Oxidative Stress in the Amygdala Contributes to Neuropathic Pain.

Earlier studies indicate that the central nucleus of the amygdala (CeA) contributes to neuropathic pain. Here we studied whether amygdaloid administration of antioxidants or antagonists of TRPA1 that is among ion channels activated by oxidative stress attenuates nociceptive or affective pain in experimental neuropathy, and whether this effect involves amygdaloid astrocytes or descending serotonergic pathways acting on the spinal 5-HT receptor. The experiments were performed in rats with spared nerve injury (SNI). Drugs were administered through a chronic cannula in the CeA or internal capsule (control site), and an intrathecal catheter. Nociception was assessed using monofilaments and affective pain using conditioned place-aversion. Antioxidants or TRPA1 antagonists in the CeA attenuated both nociceptive and affective pain in SNI animals but not in sham controls or in a control injection site. Drugs influencing astroglia (a gap junction decoupler or a D-amino acid oxidase inhibitor) in the CeA had no effect on SNI rats, whereas local anesthesia of the CeA attenuated nociception.

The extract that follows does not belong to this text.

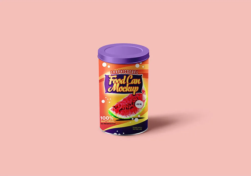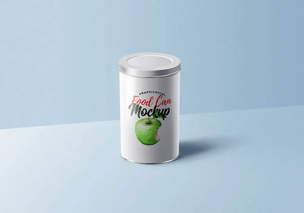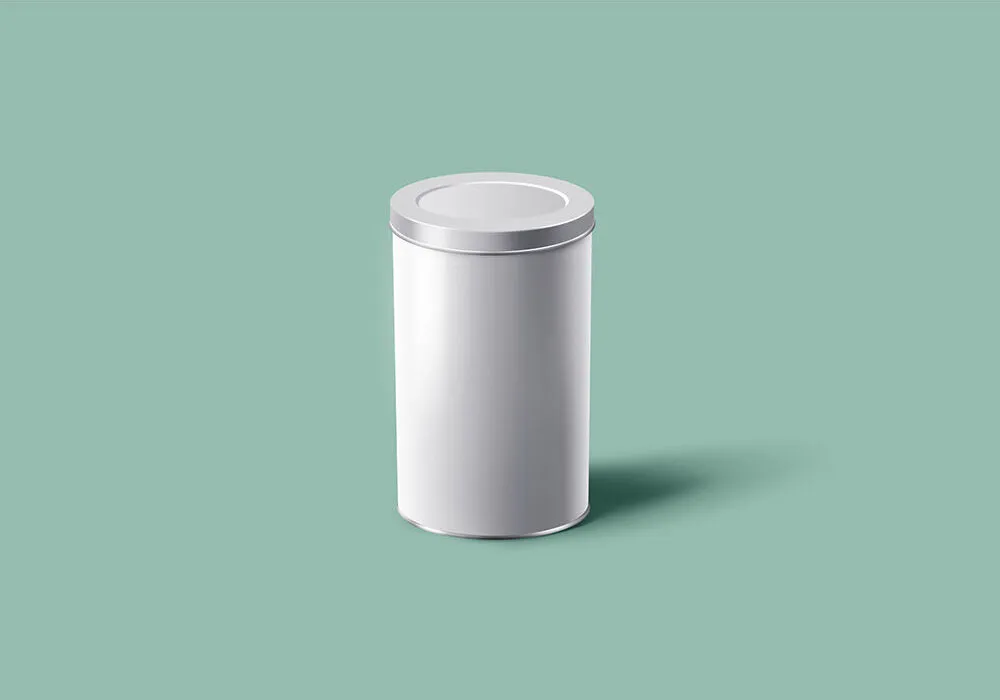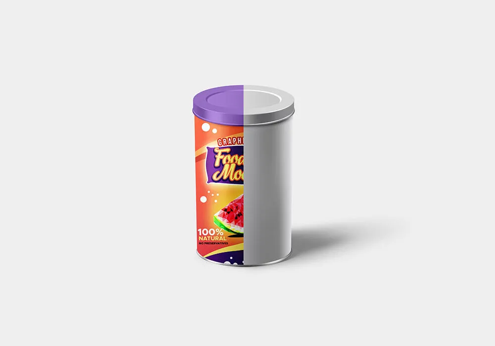 This product features two mockup files showcasing a food can tin with a lid, ideal for presenting your packaging designs. Each file includes a standing can tin, allowing you to view both the front and the lid area.
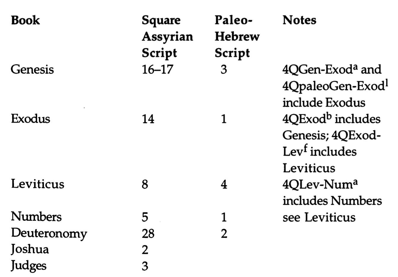 위와 같은 통계는 쿰란 공동체 당시 대부분 정방형의 글자로 성서가 필사되었지만, 일부 본문의 경우 여전히 고대 히브리어 문자로 작성되었음을 알 수 있다. 물론, 당시까지도 상징적인 기호로써 고대 히브리어 문자가 사용된 예가 있다. 아마도 소수의 고대 히브리어로 된 사본들이 발견되는 것은 고대 히브리어 글자 자체가 가지고 있는 권위 때문이었을 것으로 추정된다.

Spinally administered 5-HT receptor antagonist at a dose that had no effect alone prevented the antinociceptive effect of amygdaloid TRPA1 blockers. The results suggest that injury-induced amygdaloid oxidative stress that drives TRPA1 promotes neuropathic pain behavior. This pronociceptive effect involves suppression of medullospinal serotonergic feedback-inhibition acting on the spinal 5-HT receptor. While the CeA is involved in mediating the nerve injury-induced pronociception, it may not be a critical relay for the recruitment of medullospinal feedback-inhibition.